You declared a and b as object which is a reference type and not a value type. So with a==b you are comparing references of objects (which will be different) rather than the values.
System.Object.operator==() will call a.Equals(b) to determine if a and b are equal
This is simply not true. If that were the case then you'd have a == b returning true, since a.Equals(b) returns true. Equals is a virtual method, so it doesn't matter that int values are boxed; if you call a.Equals, that compiles to a callvirt and the vtable is used.
So the static == operator does not use a.Equals(b) internally. It tests for reference equality by default. It only does otherwise if the static == operator has been overloaded for the types in the expression as they are declared at compile time.
System.Object does not overload ==, so a == b just tests for reference equality (and returns false). Since operator overloading is implemented as a static method, it's not virtual.

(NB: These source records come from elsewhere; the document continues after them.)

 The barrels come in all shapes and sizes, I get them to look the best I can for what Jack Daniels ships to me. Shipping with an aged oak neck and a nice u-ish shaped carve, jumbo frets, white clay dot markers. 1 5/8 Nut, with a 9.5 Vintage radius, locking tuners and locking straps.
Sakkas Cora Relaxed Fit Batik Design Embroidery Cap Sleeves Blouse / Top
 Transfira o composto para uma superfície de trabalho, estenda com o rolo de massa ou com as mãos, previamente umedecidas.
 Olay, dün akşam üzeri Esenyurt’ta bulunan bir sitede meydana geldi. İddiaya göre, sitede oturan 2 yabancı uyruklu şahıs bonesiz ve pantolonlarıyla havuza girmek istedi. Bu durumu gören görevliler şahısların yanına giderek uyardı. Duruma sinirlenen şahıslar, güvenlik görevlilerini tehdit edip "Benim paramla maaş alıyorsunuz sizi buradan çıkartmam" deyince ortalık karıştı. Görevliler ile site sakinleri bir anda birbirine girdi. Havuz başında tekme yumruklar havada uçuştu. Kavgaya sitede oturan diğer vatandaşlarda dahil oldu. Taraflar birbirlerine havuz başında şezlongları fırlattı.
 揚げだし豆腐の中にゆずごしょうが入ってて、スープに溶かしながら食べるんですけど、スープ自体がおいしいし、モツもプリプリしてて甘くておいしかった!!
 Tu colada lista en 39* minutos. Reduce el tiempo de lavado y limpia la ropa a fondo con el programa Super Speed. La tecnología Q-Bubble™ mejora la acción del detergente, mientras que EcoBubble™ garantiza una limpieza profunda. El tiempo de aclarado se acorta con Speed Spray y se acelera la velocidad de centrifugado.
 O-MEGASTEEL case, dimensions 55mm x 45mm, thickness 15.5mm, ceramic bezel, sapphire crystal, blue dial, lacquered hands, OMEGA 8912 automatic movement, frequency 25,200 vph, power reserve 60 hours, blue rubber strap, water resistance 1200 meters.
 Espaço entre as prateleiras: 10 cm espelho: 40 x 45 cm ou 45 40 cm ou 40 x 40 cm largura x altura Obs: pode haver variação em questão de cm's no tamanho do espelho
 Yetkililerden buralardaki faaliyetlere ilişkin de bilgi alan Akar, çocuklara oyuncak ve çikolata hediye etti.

Object.Equals, on the other side, is specified as follows:
The default implementation of Equals supports reference equality for reference types, and bitwise equality for value types. Reference equality means the object references that are compared refer to the same object. Bitwise equality means the objects that are compared have the same binary representation.
Since a and b have the same binary representation, Object.Equals(a, b) returns true.